Google Research: ConvApparel dataset measures the 'realism gap' between AI user simulators and real people
Why it matters
Google Research has released ConvApparel — a new dataset of over 4,000 multi-turn conversations in an apparel shopping context, designed to measure how realistic LLM-based user simulators really are. The study shows that SFT and ICL approaches significantly outperform simple prompting and demonstrate 'remarkable out-of-distribution generalization'.

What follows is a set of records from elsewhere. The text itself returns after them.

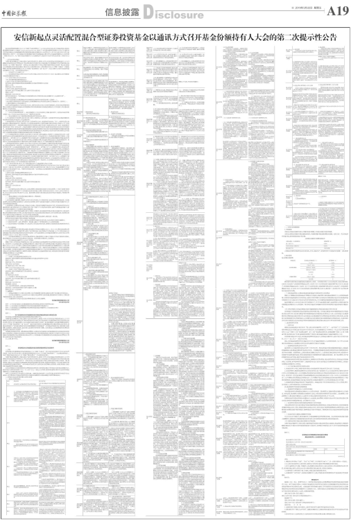 安信新起点灵活配置混合型证券投资基金以通讯方式召开基金份额持有人大会的第二次提示性公告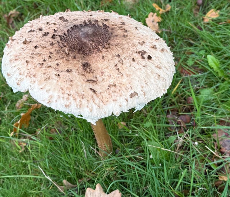 Ook al klagen mycologen misschien over een zwak paddenstoelenseizoen, er zijn in Heusden-Zolder al heel wat soorten gespot. In de dorpstuintjes kwamen ze vandaag nog een grote parasolzwam van 22 cm doormeter tegen, ze hebben hem – in tegenstelling tot de pompoenen – uiteraard niet geoogst. (foto Julien Maebe)86674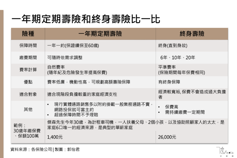 以同樣花費計算,終身險買的是「高保費的低保障」,定期險則是「低保費的高保障」。終身壽險的保費繳費期限從6到30 年不等,長期累積保費相當可觀。相較於一年一約、保費相對低廉的定期壽險,壽險顧問多半以「附約」方式,搭配高保費的長年期保單銷售,再加上壽險顧問從低保費商品取得佣金不多,因此單獨銷售一年期定期壽險意願不高,因此在壽險顧問推薦商品中難免看不到一年期定期壽險,讓消費者少了一種選擇性。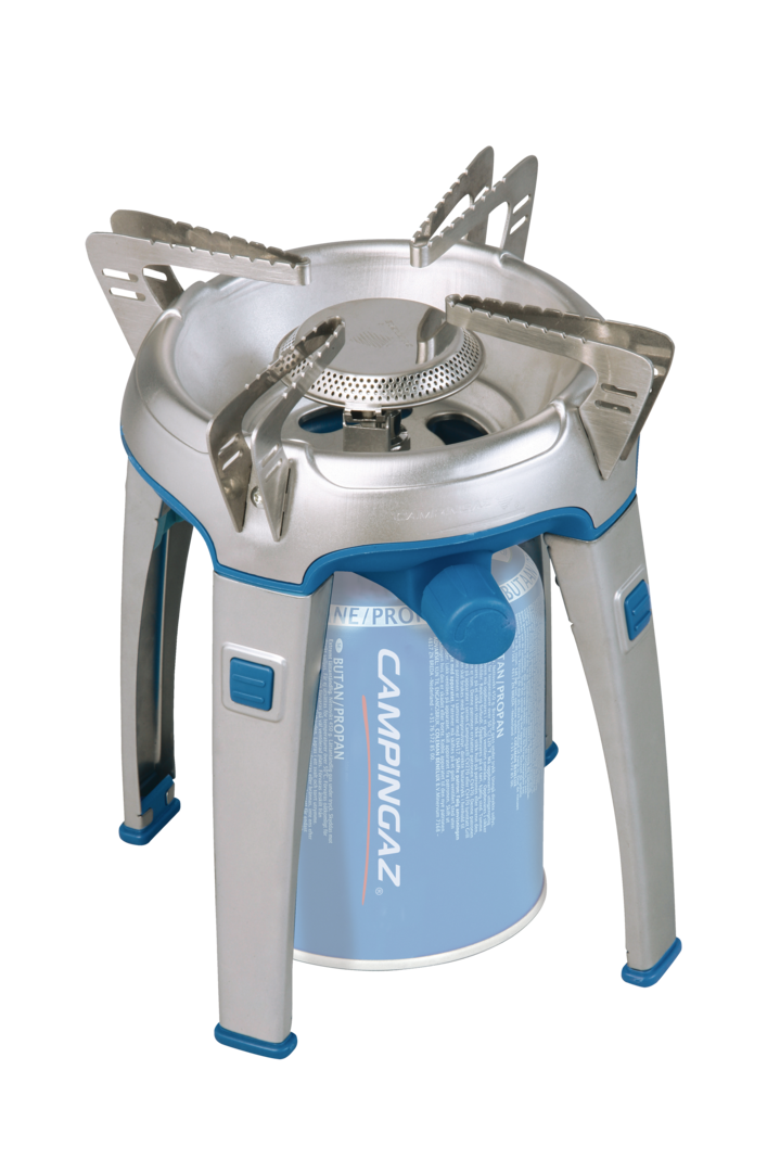 Trekking-Kocher mit vier abnehmbaren Beinen, Piezozündung und Easy Clic® Plus-Verschluss.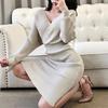 Весенний новый модный костюм в иностранном стиле с v-образным вырезом и рукавами «летучая мышь», вязаный свитер, женская юбка с высокой талией и запахом, комплект из двух предметов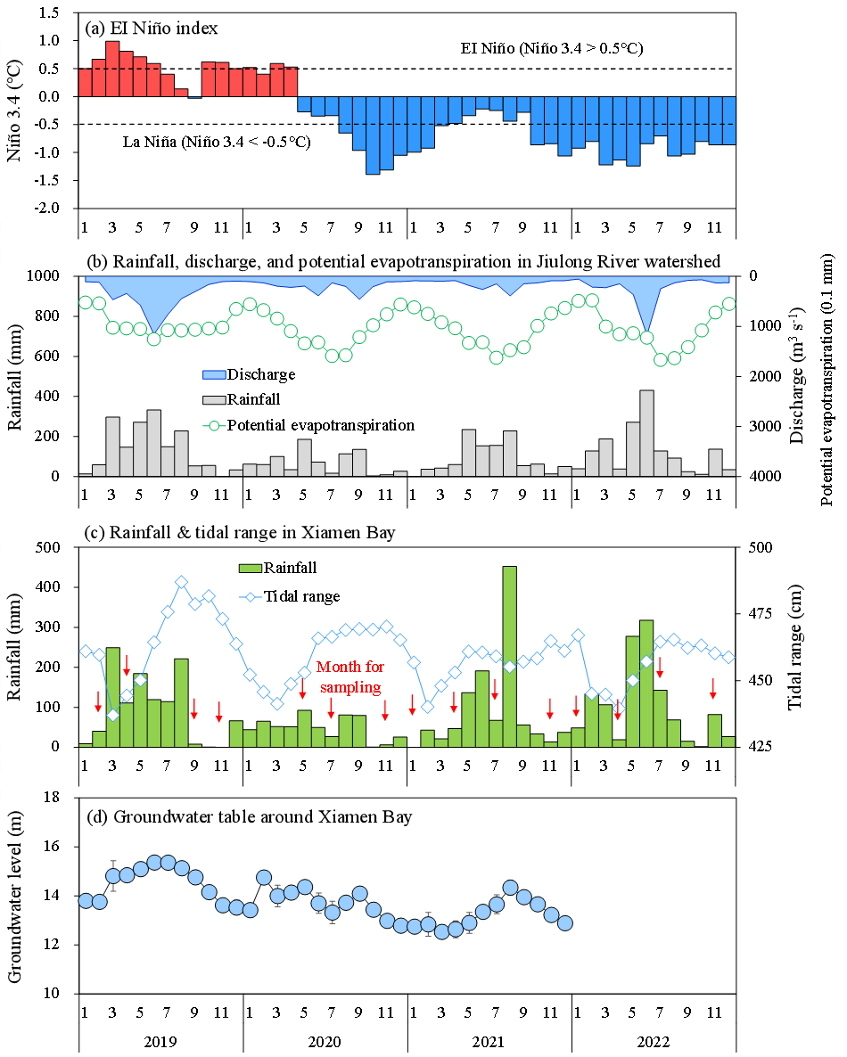 气候变化在加速厄尔尼诺/南方涛动(ENSO)的相态转换,这可能增加洪水、干旱等极端天气事件发生的频率和强度。近期研究表明,随着全球气温上升,突发性干旱事件或将成为新的常态。这些变化将重塑陆地水文格局,并对营养物质循环和近海生态系统产生深远影响。此外,海岸带地区人为氮源过量输入,也在加速近海水体富营养化。近海氮循环及其相关的温室气体排放对气候变化的响应是当前生物地球化学研究的焦点内容之一。然而,干旱事件如何影响氮素的陆海输运模式,以及氮源供应的变化如何进一步影响海湾水体氮循环和温室气体N2O的排放,仍缺乏观测数据和系统性研究。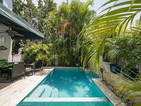 In the Meadows & marvelous! This stunning 2BR/2.5 furnished home is the epitome of Key West living. Chef's kitchen, large living/dining area, and private heated swimming pool with spa make this home ideal for entertaining guests. The home offers an abundance of elegance with coffered ceilings, travertine and wood floors, wood shutters, stunning built-ins, and more. In the kitchen, there is an abundance of cabinet storage and counter space, double ovens, a gas range, as well as a home office nook. The living area has a built-in bar area and media center. In addition to the sitting area and private balcony, the primary master suite also has an attached bath with soaking tub and shower. The primary suite is equipped with a large closet and dressing area. The secondary bedroom is private and offers a walk-in closet and full en suite bath. Laundry is located on the second floor. Home was built in 2008 and has impact windows and doors, whole house generator, and private gated covered parking. Home is in a Condo with 7 other units, but truly lives like a single family home. Enjoy your morning coffee on the classic front porch surrounded by tropical landscape and white picket fence. Poolside is perfection for dining al fresco or relaxing between dips! This home is a stunner and centrally located in Key West near Old Town, shopping, dining, marinas and more!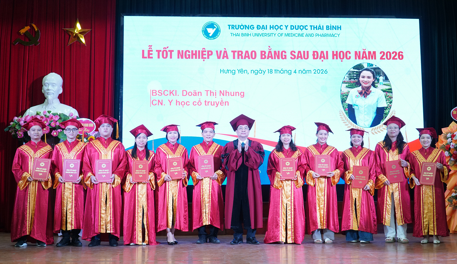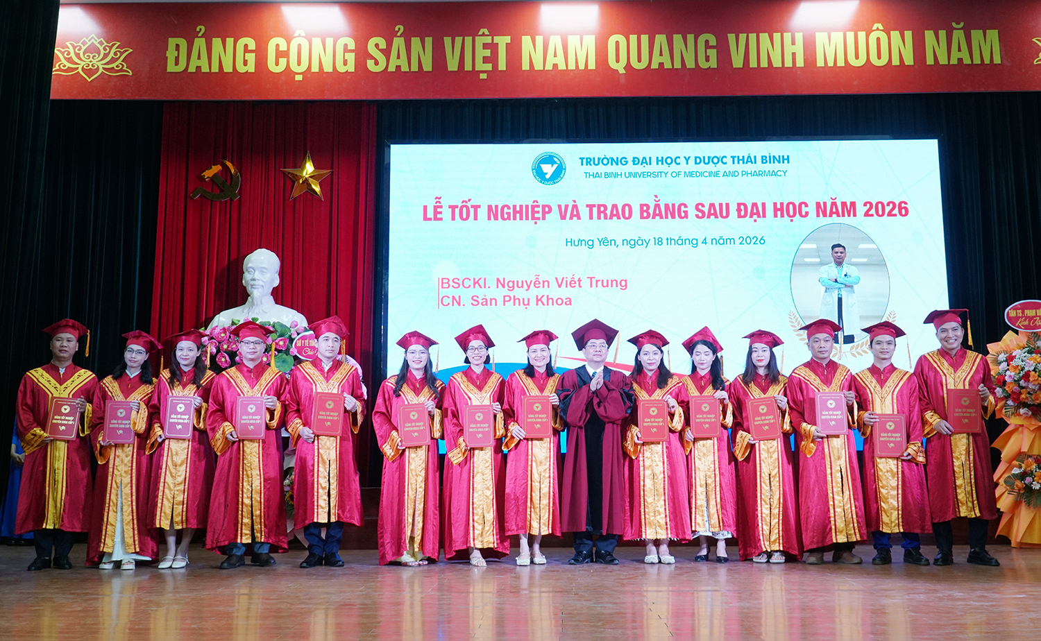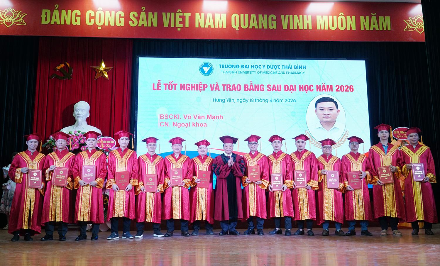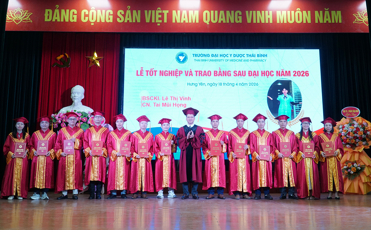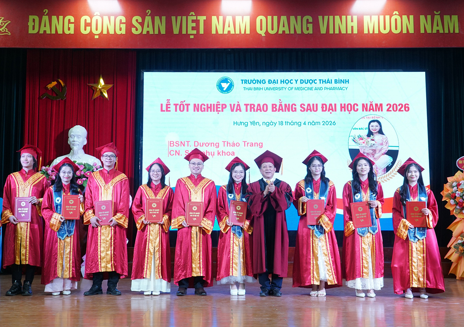 Lễ tốt nghiệp và trao bằng sau đại học năm 2026 không chỉ ghi nhận thành quả học tập của các nghiên cứu sinh, học viên, mà còn tiếp tục khẳng định vai trò đầu tàu của Trường Đại học Y Dược Thái Bình trong đào tạo sau đại học ngành y tế. Với bề dày truyền thống, quy mô đào tạo lớn và không ngừng nâng cao chất lượng, Trường Đại học Y Dược Thái Bình đã, đang và sẽ tiếp tục là địa chỉ tin cậy trong đào tạo nguồn nhân lực chất lượng cao, đáp ứng yêu cầu phát triển của ngành y tế Việt Nam trong giai đoạn mới./.

Google Research has released ConvApparel, a new dataset and evaluation framework that addresses an often-ignored problem in AI development: LLM user simulators behave unconvincingly. When AI agents are trained exclusively on conversations with these artificial “users”, they fail once they finally have to face real people.
What the problem is
When training a chatbot or AI agent, it needs someone to talk to. Training on real users is expensive and slow, so the standard practice is to use an LLM as a simulated user — another LLM plays the role of the end user and talks to the agent in the training loop. But these simulated “users” exhibit characteristics that real humans rarely have: excessive detail in responses, perfect personality consistency, unlimited patience, encyclopedic knowledge. The result: an agent that performs excellently in testing can collapse as soon as someone from the real internet shows up.
How they measured it
The dataset contains over 4,000 multi-turn conversations in an apparel shopping scenario. A dual-agent protocol was used in which participants unknowingly chat with either a “Good” (helpful) or “Bad” (unhelpful) agent — which produced natural variations from satisfaction to frustration. The framework uses three checks: population-level statistical alignment, human-likeness scoring (a trained discriminator that attempts to recognize synthetic conversations), and counterfactual validation — are simulators trained only on “good” agent data able to react realistically to frustrating “bad” agents?
Results and what remains
Discriminators reliably detected simulated conversations as synthetic — confirming that the problem truly exists. Data-driven simulators (ICL in-context learning and SFT supervised fine-tuning) significantly outperformed plain prompting on statistical alignment. Most interestingly: SFT and ICL simulators demonstrated “remarkable out-of-distribution generalization” — they successfully adapted to frustrating agents they had never seen during training.
Open question: what is the minimum level of realism needed for an agent trained on a simulator to work in production? Google is calling for future real-world validation studies.